TASK -> Exact copies of all the lines below are wanted, without a single picture.

RAW DATA ->
★ ★ ★ ★

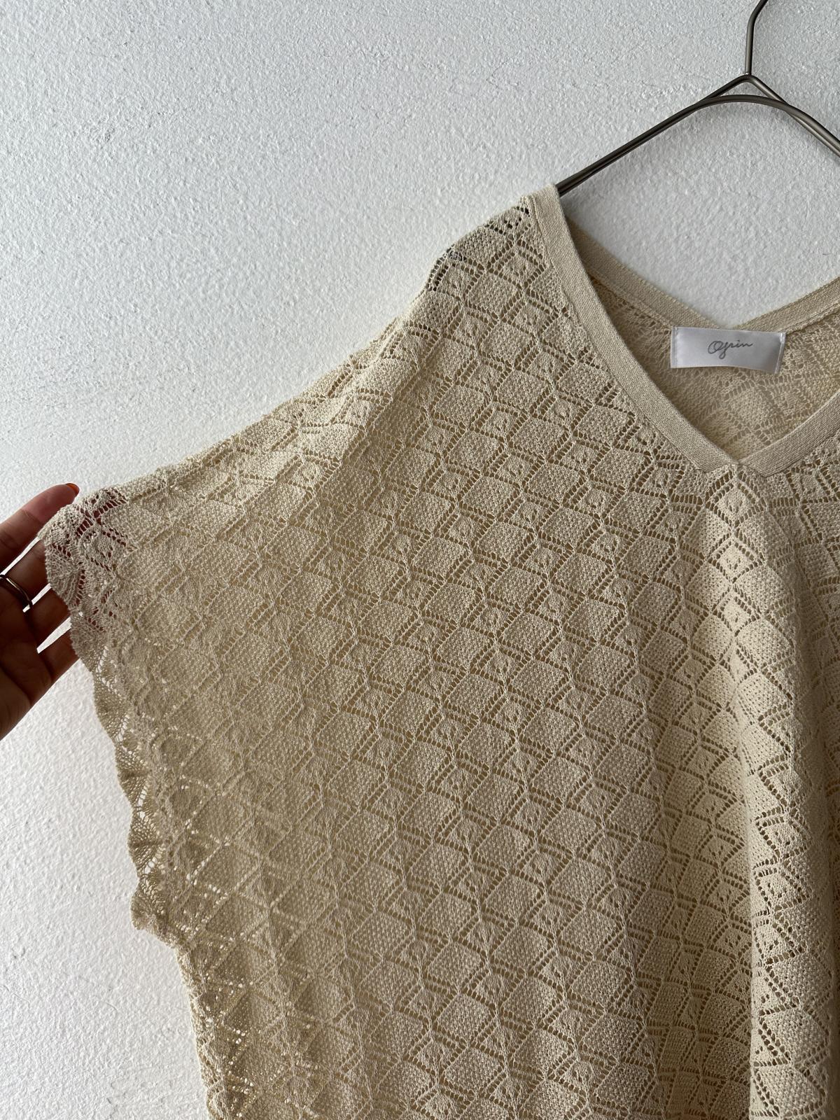 grin コットンレースニット ポンチョベスト
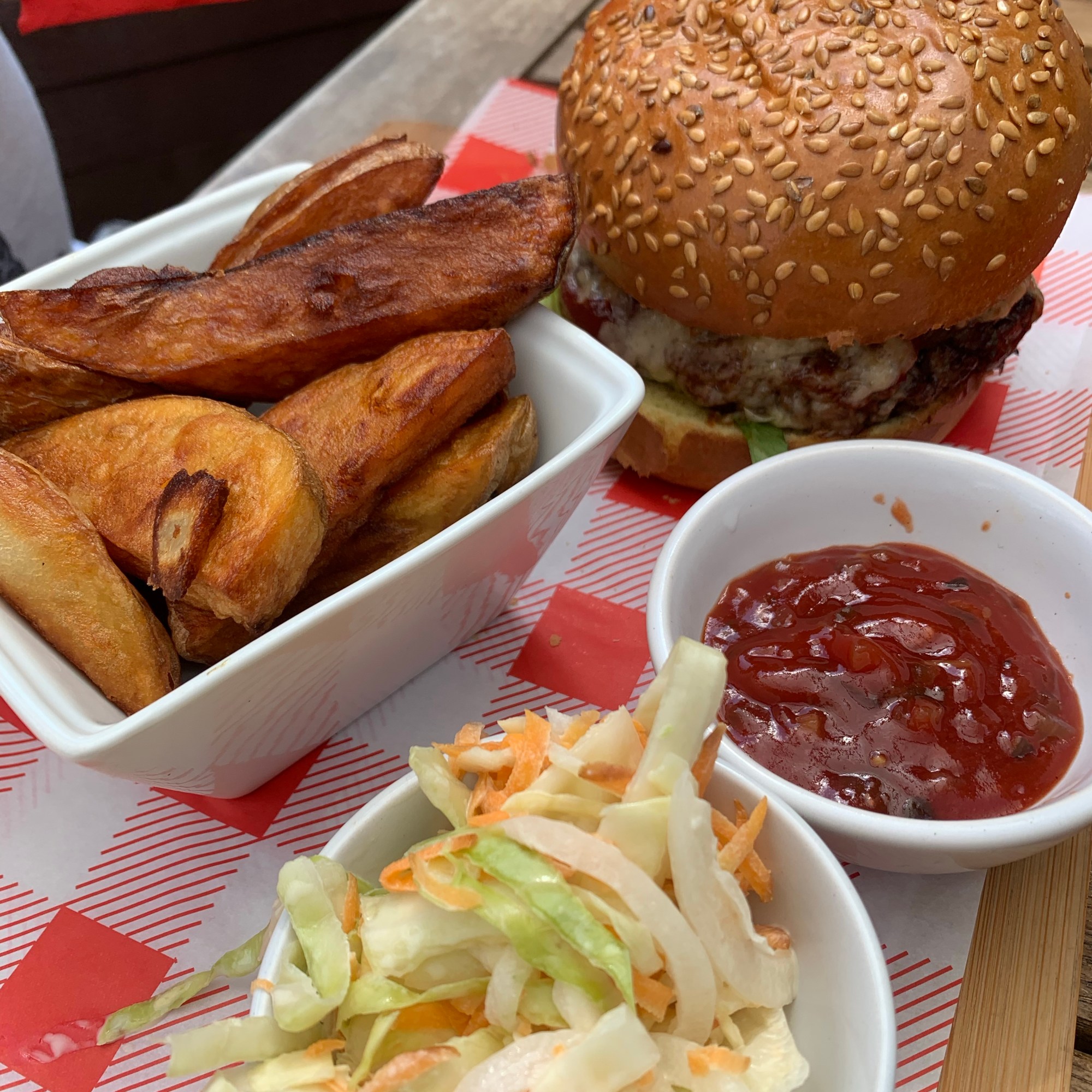 sauce. Usually comes with “skinny fries” (more like oven chips) but my Dad doesn’t like the whole skin-on fries, which seems to be the only choice nowadays so he mistakenly swapped them for “chunky chips” which were pretty much skin on potato wedges. Not a fully happy customer haha but just do you know in case you also didn’t like skin on chips/fries. Burger was great though!
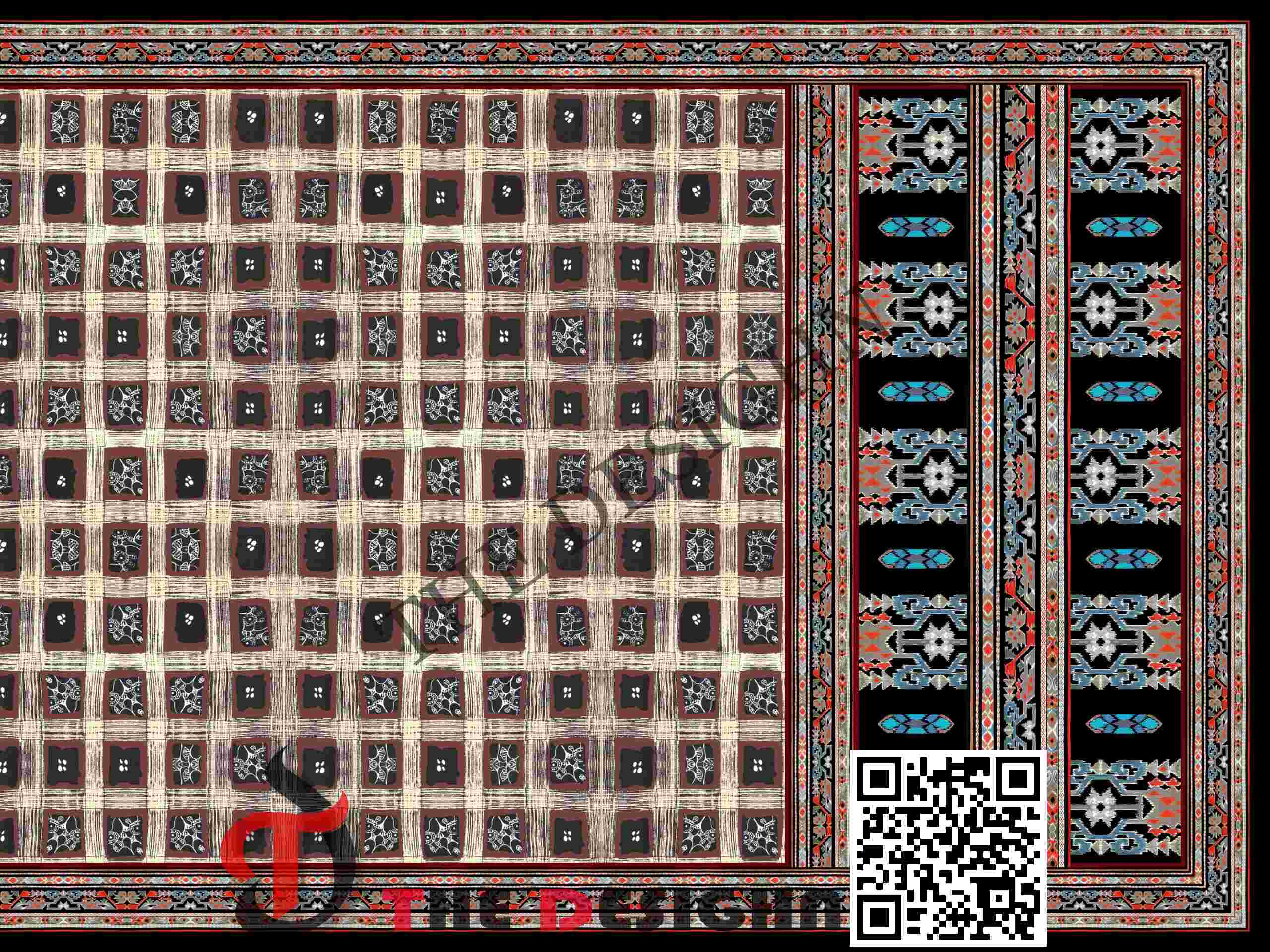 Visual Dispersion (Mechanical): The design exhibits “Mechanical Weave Dispersion”. The pigment within the grid field is dispersed in fine, internal “cross-hatch” lines and stippled cells that mimic the texture of hand-loomed fabric, providing a tactile, “hand-rubbed” surface quality across the main field.

★ ★ ★ ★

YOUR RESPONSE ->
 grin コットンレースニット ポンチョベスト
 sauce. Usually comes with “skinny fries” (more like oven chips) but my Dad doesn’t like the whole skin-on fries, which seems to be the only choice nowadays so he mistakenly swapped them for “chunky chips” which were pretty much skin on potato wedges. Not a fully happy customer haha but just do you know in case you also didn’t like skin on chips/fries. Burger was great though!
 Visual Dispersion (Mechanical): The design exhibits “Mechanical Weave Dispersion”. The pigment within the grid field is dispersed in fine, internal “cross-hatch” lines and stippled cells that mimic the texture of hand-loomed fabric, providing a tactile, “hand-rubbed” surface quality across the main field.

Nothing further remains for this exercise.